REQUIRED WORK
Could you transcribe every record below exactly as written, leaving out any pictures?

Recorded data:
= = =

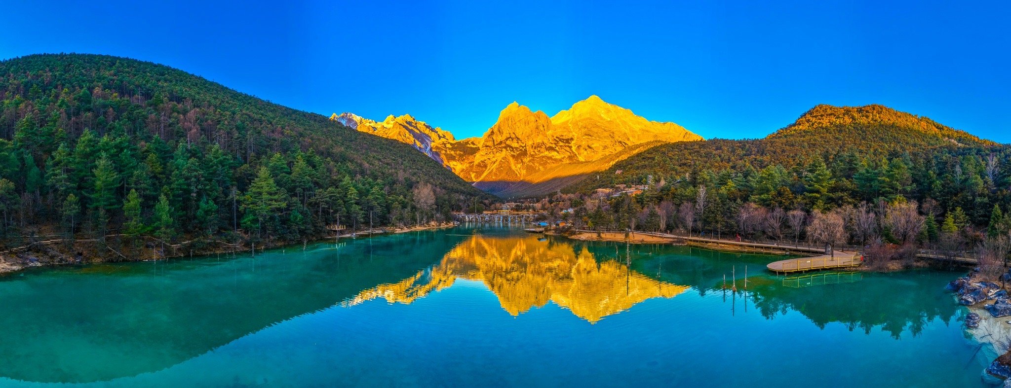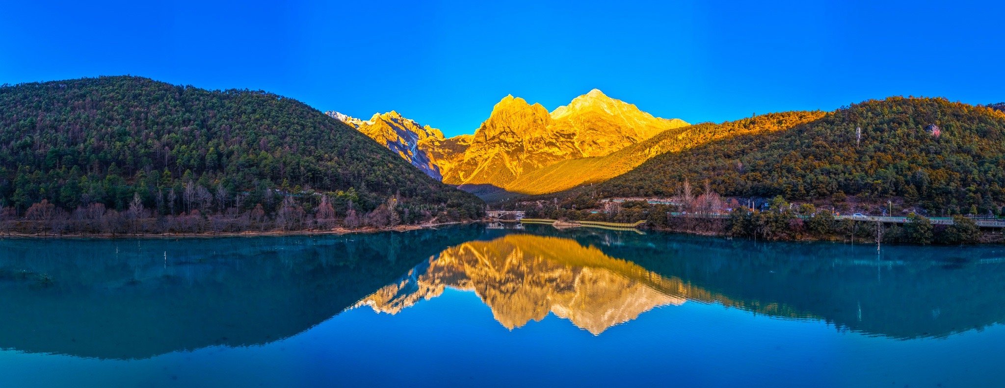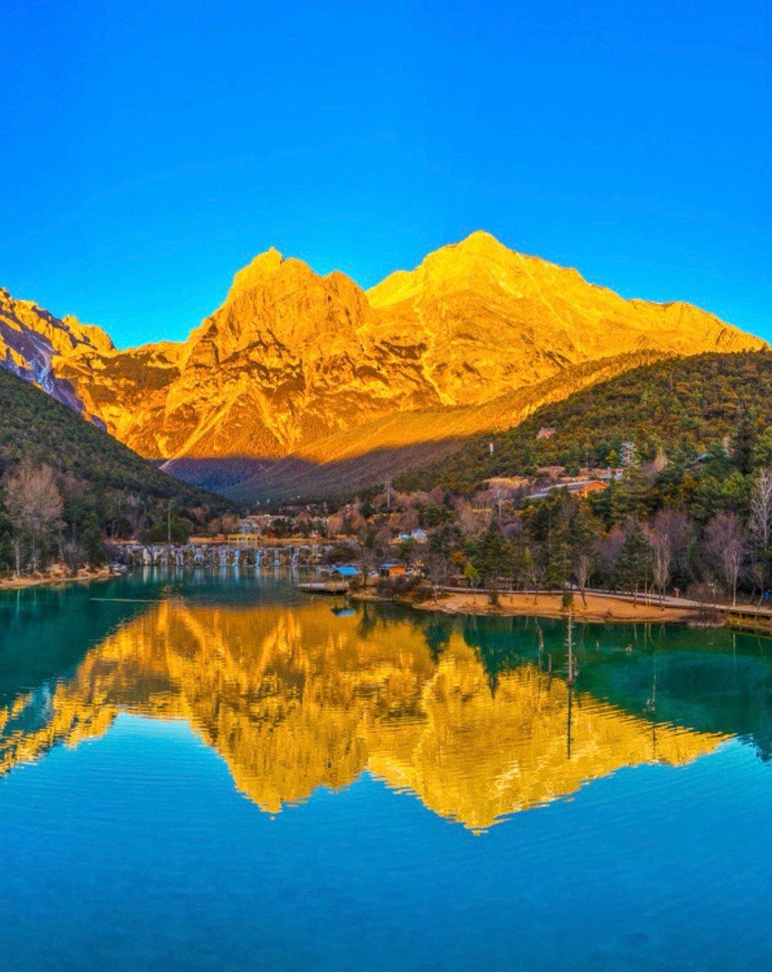 玉龙雪山冷暖撞色有多美 近日,摄影师在云南省丽江市蓝月谷,拍摄到了玉龙雪山“日照金山”美景。蔚蓝的湖水与金色的雪山同框,冷暖色调在大自然笔下完美交融。四季丽江冬游丽江
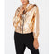 Material Girl's hooded windbreaker is the most fashion-forward layer in your closet with its metallic sheen and semi-sheer finish.
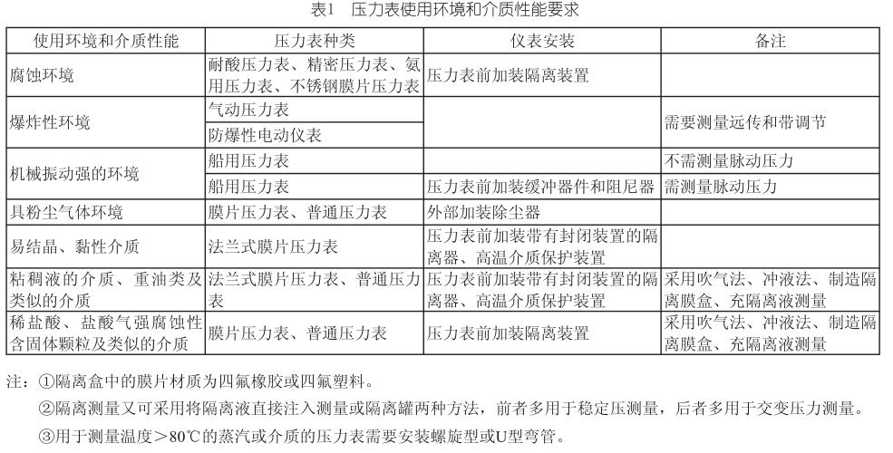 根據(jù)壓力表使用環(huán)境和被測介質(zhì)的不同,如環(huán)境溫度、腐蝕情況、振動(dòng)、介質(zhì)易燃易爆等,選擇不 同類型的壓力表,詳見表1。
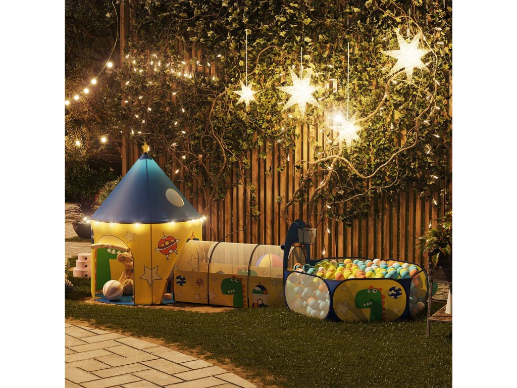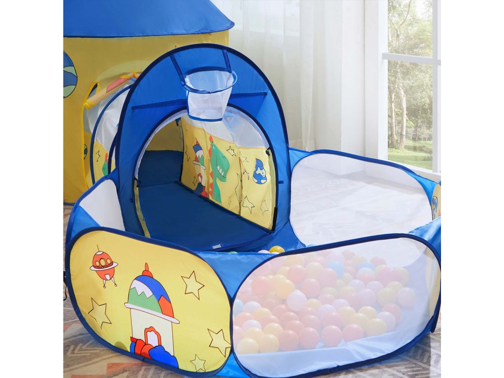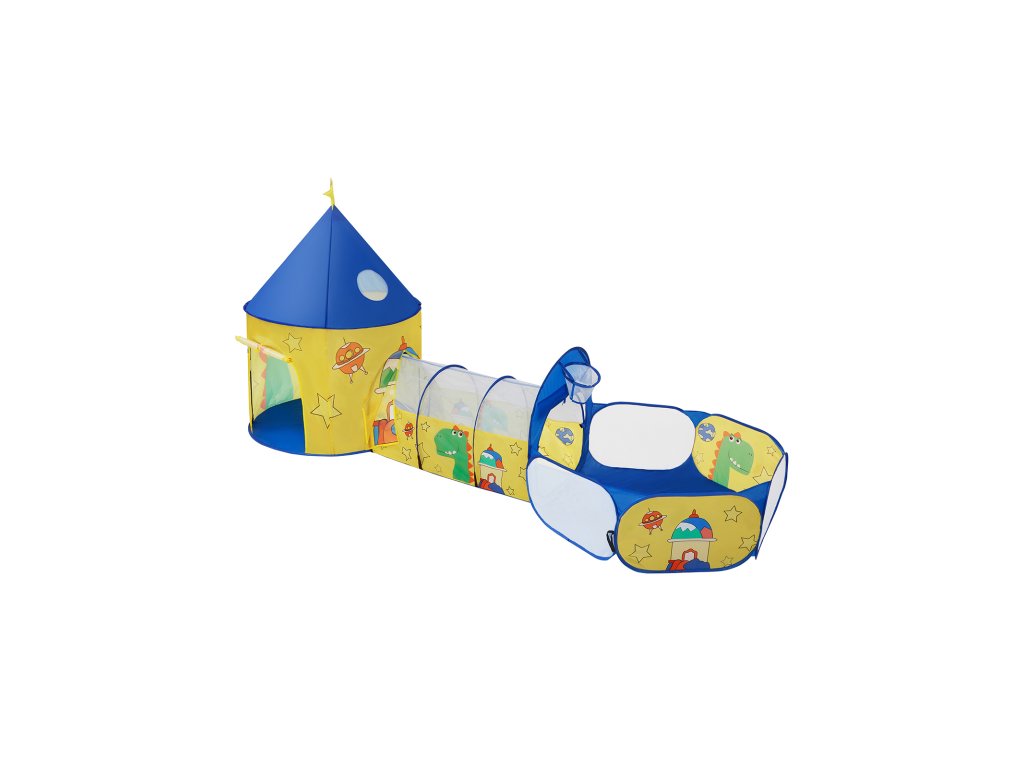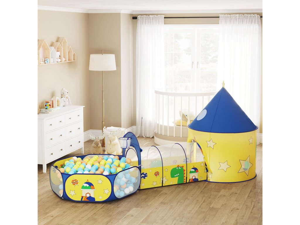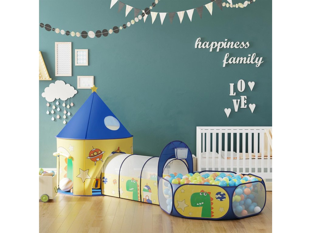 Dětský hrací stan 3 v 1, tunel, hřiště s míčem, pro chlapce, dívky a batolata, dětský vyskakovací stan s raketou, vnitřní nebo venkovní použití, nápad na dárek, narozeninová oslava, žlutá a modrá.
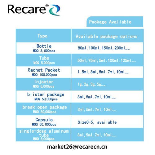 Packaging:Available in 5ml/10ml sachets, 50ml/100ml tubes, or 50ml/100ml bottles. Custom packaging is also available.
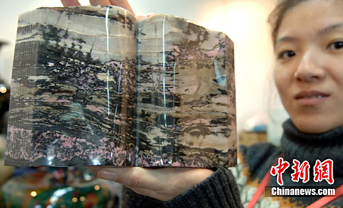 12月16日,在北京國貿舉辦的“北京首屆臺灣精致名品暨珠寶交易會”開幕,來自臺灣的136家珠寶商、工藝美術商及高檔生活用品商參展,令北京消費者大飽眼福。圖為來自臺灣花蓮的臺商展示采自花蓮玫瑰石制作的彩書。
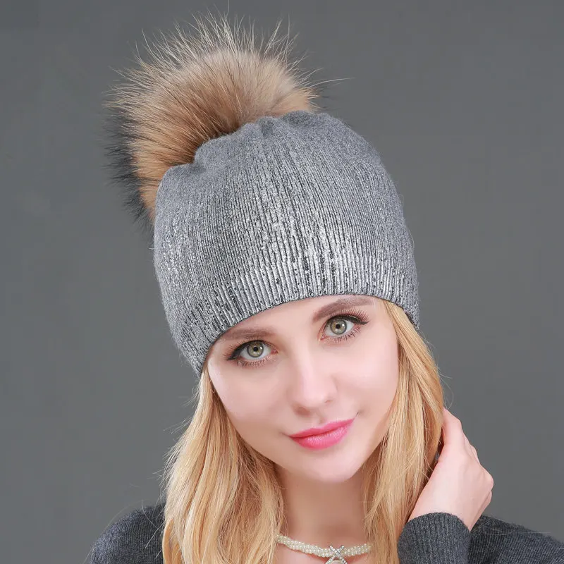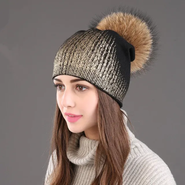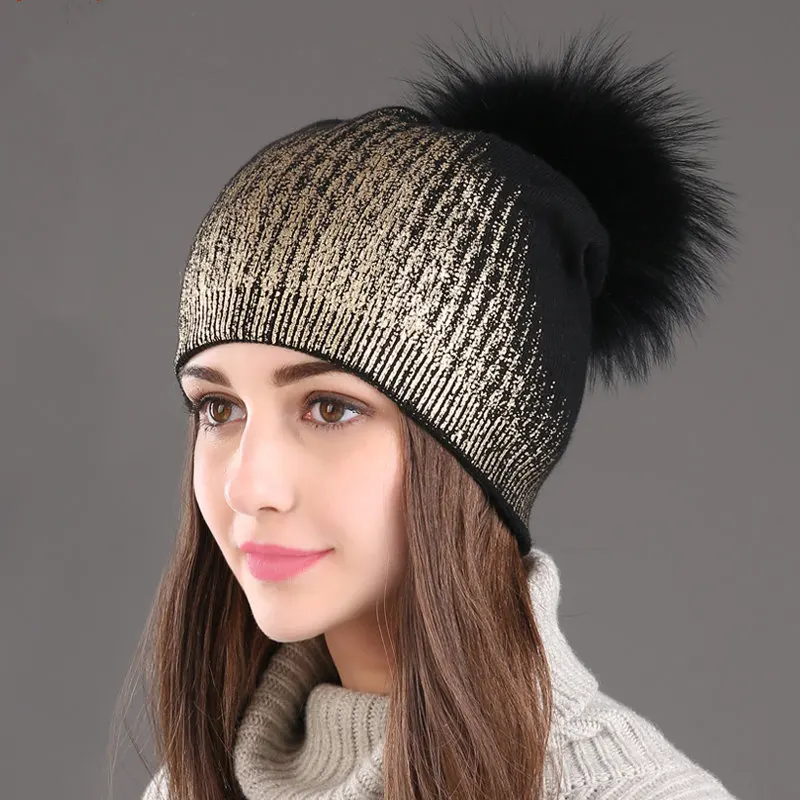 Special Offer 2019 zimowych kobiet czapka wełniana kapelusz na co dzień metaliczny kolor drukowanie z dzianiny kaszmirowy luźna czapka beanie z pompon z futra szopa kulki Discount 49% Today!

= = =

RESULT BELOW
 玉龙雪山冷暖撞色有多美 近日,摄影师在云南省丽江市蓝月谷,拍摄到了玉龙雪山“日照金山”美景。蔚蓝的湖水与金色的雪山同框,冷暖色调在大自然笔下完美交融。四季丽江冬游丽江
 Material Girl's hooded windbreaker is the most fashion-forward layer in your closet with its metallic sheen and semi-sheer finish.
 根據(jù)壓力表使用環(huán)境和被測介質(zhì)的不同,如環(huán)境溫度、腐蝕情況、振動(dòng)、介質(zhì)易燃易爆等,選擇不 同類型的壓力表,詳見表1。
 Dětský hrací stan 3 v 1, tunel, hřiště s míčem, pro chlapce, dívky a batolata, dětský vyskakovací stan s raketou, vnitřní nebo venkovní použití, nápad na dárek, narozeninová oslava, žlutá a modrá.
 Packaging:Available in 5ml/10ml sachets, 50ml/100ml tubes, or 50ml/100ml bottles. Custom packaging is also available.
 12月16日,在北京國貿舉辦的“北京首屆臺灣精致名品暨珠寶交易會”開幕,來自臺灣的136家珠寶商、工藝美術商及高檔生活用品商參展,令北京消費者大飽眼福。圖為來自臺灣花蓮的臺商展示采自花蓮玫瑰石制作的彩書。
 Special Offer 2019 zimowych kobiet czapka wełniana kapelusz na co dzień metaliczny kolor drukowanie z dzianiny kaszmirowy luźna czapka beanie z pompon z futra szopa kulki Discount 49% Today!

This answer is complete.